● **Data under study**:

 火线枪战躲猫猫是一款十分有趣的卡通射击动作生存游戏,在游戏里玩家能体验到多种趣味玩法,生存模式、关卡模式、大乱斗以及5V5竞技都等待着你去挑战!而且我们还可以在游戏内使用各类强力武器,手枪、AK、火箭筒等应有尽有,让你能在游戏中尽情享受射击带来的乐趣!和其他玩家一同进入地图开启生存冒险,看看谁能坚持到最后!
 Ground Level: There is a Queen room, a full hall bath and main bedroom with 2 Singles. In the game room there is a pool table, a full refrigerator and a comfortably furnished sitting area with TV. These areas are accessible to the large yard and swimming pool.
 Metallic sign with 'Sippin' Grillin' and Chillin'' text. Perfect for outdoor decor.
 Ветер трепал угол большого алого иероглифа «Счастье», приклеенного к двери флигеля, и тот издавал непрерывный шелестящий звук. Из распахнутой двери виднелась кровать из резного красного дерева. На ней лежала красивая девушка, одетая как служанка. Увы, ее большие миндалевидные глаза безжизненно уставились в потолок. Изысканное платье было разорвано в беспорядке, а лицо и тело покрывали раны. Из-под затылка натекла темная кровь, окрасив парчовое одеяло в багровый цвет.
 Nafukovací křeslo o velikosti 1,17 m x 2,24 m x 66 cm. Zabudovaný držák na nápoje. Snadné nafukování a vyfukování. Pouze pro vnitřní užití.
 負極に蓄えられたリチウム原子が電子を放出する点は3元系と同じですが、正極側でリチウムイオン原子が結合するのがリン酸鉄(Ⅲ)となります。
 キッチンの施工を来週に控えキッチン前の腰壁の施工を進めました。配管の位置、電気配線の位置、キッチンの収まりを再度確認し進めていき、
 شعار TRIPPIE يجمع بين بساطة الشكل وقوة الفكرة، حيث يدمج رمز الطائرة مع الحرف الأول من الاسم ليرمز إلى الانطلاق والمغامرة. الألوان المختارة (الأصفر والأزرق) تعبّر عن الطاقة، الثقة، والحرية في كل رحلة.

● **Assignment**:
Beginning with the line that holds "負極に蓄えられたリチウム原子" and ending with the last line of the material, output each line exactly and nothing beyond them.

● **The completed task**:
 負極に蓄えられたリチウム原子が電子を放出する点は3元系と同じですが、正極側でリチウムイオン原子が結合するのがリン酸鉄(Ⅲ)となります。
 キッチンの施工を来週に控えキッチン前の腰壁の施工を進めました。配管の位置、電気配線の位置、キッチンの収まりを再度確認し進めていき、
 شعار TRIPPIE يجمع بين بساطة الشكل وقوة الفكرة، حيث يدمج رمز الطائرة مع الحرف الأول من الاسم ليرمز إلى الانطلاق والمغامرة. الألوان المختارة (الأصفر والأزرق) تعبّر عن الطاقة، الثقة، والحرية في كل رحلة.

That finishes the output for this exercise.